- [Goal of the exercise]
Leaving out the pictures, return word for word the stretch of entries below from the line holding "Не знаем, каким" through the line holding "Talihina is a".

Stored records
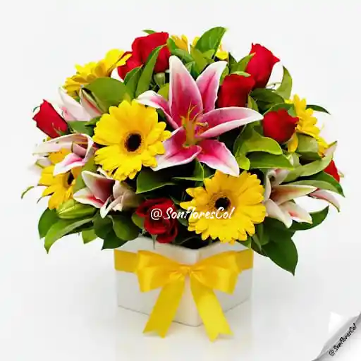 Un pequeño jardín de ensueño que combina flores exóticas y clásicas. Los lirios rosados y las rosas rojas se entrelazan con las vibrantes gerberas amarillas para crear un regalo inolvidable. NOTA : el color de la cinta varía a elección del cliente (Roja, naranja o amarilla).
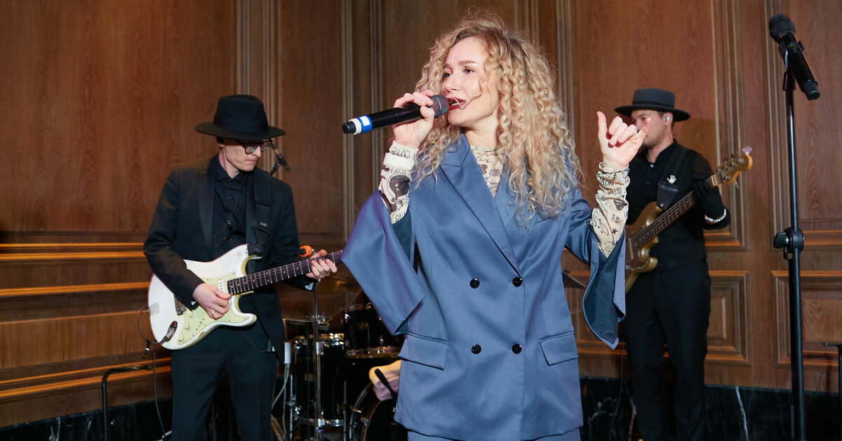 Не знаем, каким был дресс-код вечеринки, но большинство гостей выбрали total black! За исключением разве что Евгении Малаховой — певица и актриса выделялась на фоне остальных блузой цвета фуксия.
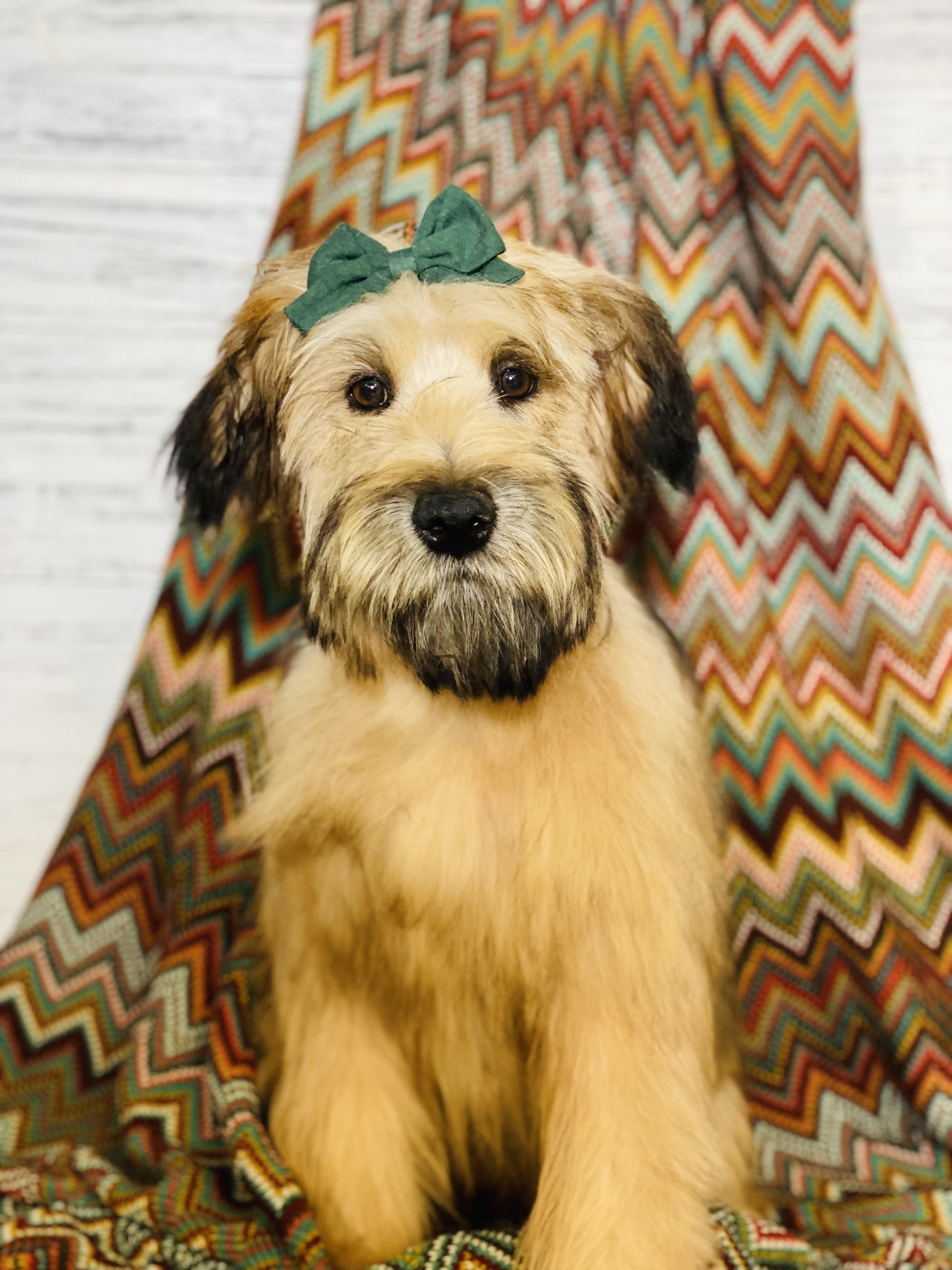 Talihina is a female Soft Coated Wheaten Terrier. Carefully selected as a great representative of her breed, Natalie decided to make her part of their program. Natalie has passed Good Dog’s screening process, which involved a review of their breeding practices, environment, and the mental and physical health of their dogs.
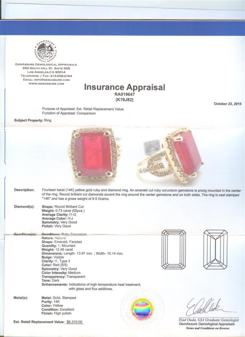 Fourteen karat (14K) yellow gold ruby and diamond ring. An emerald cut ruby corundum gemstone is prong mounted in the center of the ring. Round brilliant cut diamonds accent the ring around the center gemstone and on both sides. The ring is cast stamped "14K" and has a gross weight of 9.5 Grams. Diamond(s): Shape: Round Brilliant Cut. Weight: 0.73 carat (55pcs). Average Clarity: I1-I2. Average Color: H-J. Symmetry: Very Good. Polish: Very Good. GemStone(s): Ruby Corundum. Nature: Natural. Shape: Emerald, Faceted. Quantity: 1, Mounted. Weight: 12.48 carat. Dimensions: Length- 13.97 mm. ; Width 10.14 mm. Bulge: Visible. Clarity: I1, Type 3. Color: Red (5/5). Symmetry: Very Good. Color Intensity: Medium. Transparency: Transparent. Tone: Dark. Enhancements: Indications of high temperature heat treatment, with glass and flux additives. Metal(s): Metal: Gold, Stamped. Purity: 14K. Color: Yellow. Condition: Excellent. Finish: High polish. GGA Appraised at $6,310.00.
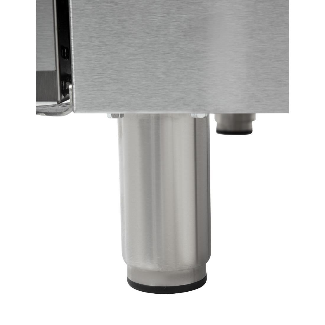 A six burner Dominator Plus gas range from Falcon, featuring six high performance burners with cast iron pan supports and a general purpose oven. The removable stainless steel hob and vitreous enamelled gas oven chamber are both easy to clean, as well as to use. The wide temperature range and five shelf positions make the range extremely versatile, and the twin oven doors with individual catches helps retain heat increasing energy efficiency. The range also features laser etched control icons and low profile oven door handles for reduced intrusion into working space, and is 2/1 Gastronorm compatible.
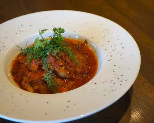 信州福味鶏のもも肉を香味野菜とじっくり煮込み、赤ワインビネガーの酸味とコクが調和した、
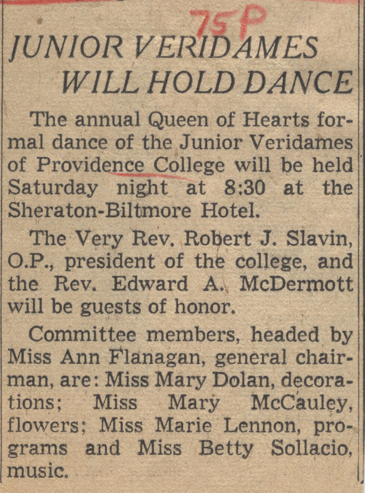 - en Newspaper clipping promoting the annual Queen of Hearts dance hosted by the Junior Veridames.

- [Output of the exercise]
 Не знаем, каким был дресс-код вечеринки, но большинство гостей выбрали total black! За исключением разве что Евгении Малаховой — певица и актриса выделялась на фоне остальных блузой цвета фуксия.
 Talihina is a female Soft Coated Wheaten Terrier. Carefully selected as a great representative of her breed, Natalie decided to make her part of their program. Natalie has passed Good Dog’s screening process, which involved a review of their breeding practices, environment, and the mental and physical health of their dogs.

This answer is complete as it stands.